I am lucky enough to be a father to a wonderful 5-year-old daughter, fresh into her Kindergarten year of school. Recently she came home with the dramatic cry of a 5-year-old, upset that her class has a Leader of the Month award and she didn’t win it. Once the sobbing subsided she got around to asking me how to be a leader, one of those basics of life type questions that all parents know and yet always get thrown by. How do I boil down the essence of leadership to something she not only can understand but can apply herself?
Thanks to the reoccurring themes of Special Agent Oso I got the idea to try to condense leadership to 3 simple steps. Simplistic I know, but the more I thought about it the more I realized that not only would it get her on the right track but that, to be honest, there are a great number of adults in leadership positions that experience differing levels of success with them. So thanks to my daughter and our good friend Oso I present Jim’s 3 simple steps to being a good leader.
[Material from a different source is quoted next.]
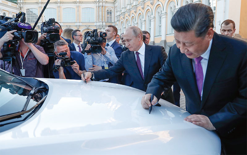 面對美國的不斷進攻,中共卻開始了「連俄抗美」的遊說活動。圖為習近平6月5日抵俄與普京會晤,尋求經貿合作。(AFP)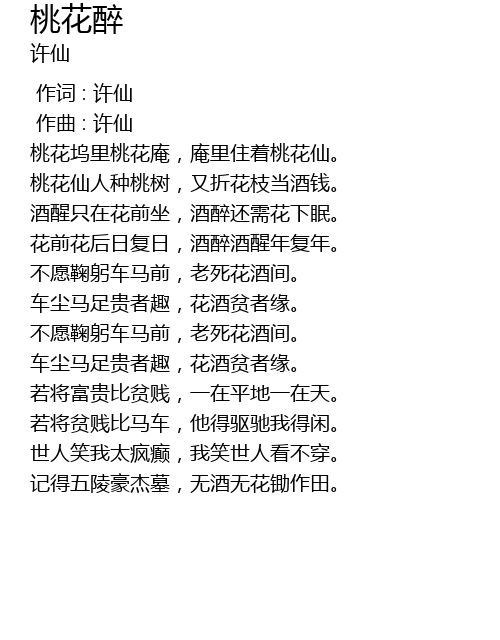 | [00:44.446] | 桃花坞里桃花庵,庵里住着桃花仙。 |

Step 1! Have A Good Attitude
Seriously, there are so many studies/articles on the effect that a leader’s public attitude has on the productivity and efficiency of their team. If those linked articles aren’t enough for you Google it, there are a lot more. I know we all have our days when it all falls apart and have experienced these myself, but when those days stretch into weeks or months that team you are leading or even being a part of is going to start to fall apart as well. Some days it is going to require you to put a good face on what you are internally feeling, but coming in with a bounce in your step and not being negative is a great first step.
One of the realizations that I’ve had recently is that with any position there comes a time when you have to decide to either have some internal reconciliation with the job you have and make peace with the issues you have with it or decide to make the jump to something new. I’m not saying you should try to make the things you dislike better, you absolutely should, but staying in something you actively dislike and have lost the willpower to try to fix not only hurts you it hurts those around you.
Step 2! Listen
So for a 5-year-old trying to get them to listen to anything that isn’t on Netflix or YouTube is a challenge. Guess what? The same is true for me and you and those around you in the workplace from time to time. As framed to her, listening means making sure you pay attention not only to your teachers when they talk (and you absolutely must do this) but also to those around you that may be having issues. The teacher is talking about how to make the perfect “R” but your neighbor is having a problem? If she’s got it down this is a great opportunity to help!
As this applies to us how many of us go into meetings or conversations with our co-workers with a preset agenda or outcome of it already in our mind? Worse still is when we try to find the implied meaning of what is unsaid in a conversation. We as workers and leaders do better when we open our minds and actually listen to the words that are being spoken, then ask for clarification as needed. I know I have to work hard to quit relying on my own biases or trying to guess what the speaker means simply because we don’t want to ask “Ok, I didn’t get that, can you expand on this?”
Step 3! Apply What You’ve Learned
As we complete our journey through leadership we need have to apply what we’ve learned in the first two steps. We’ve spent the last 20 minutes learning how to make that perfect “R” and now we have to practice in class. My 2.0 may have this down, but she see’s her neighbor is trying to get help from the teacher. With a great attitude and an understanding of what’s expected this is her time to shine and help out her classmate!
At work this is important too. We have a great attitude now and we really want to be a helper, getting things done, and we’ve listened to those around us and learned not only about the needs and processes of our organizations but also the needs of our co-workers and staff. With all this ammo we are now in a position to truly make a difference because regardless of who you are helping when the knowledge gets distributed the potential for greater outcomes goes up. For those of us in traditional IT or other “support departments” this is where the true value lies. If we can’t learn, interpret and apply technology to the organization and staff’s needs then we aren’t supporting anyone.
So there you have it. Yes I know it’s simple, yes I know there are other factors (ego, time management, etc) that go into it as well but as in all things, you have to master the basics first. How many of you that have made it to this point were shaking your head and considering interactions with others as you read them? How many read these and had a “doh” thought about something you yourself have done? I know I did in thinking about it and there’s nothing wrong with that as long as you learn from it.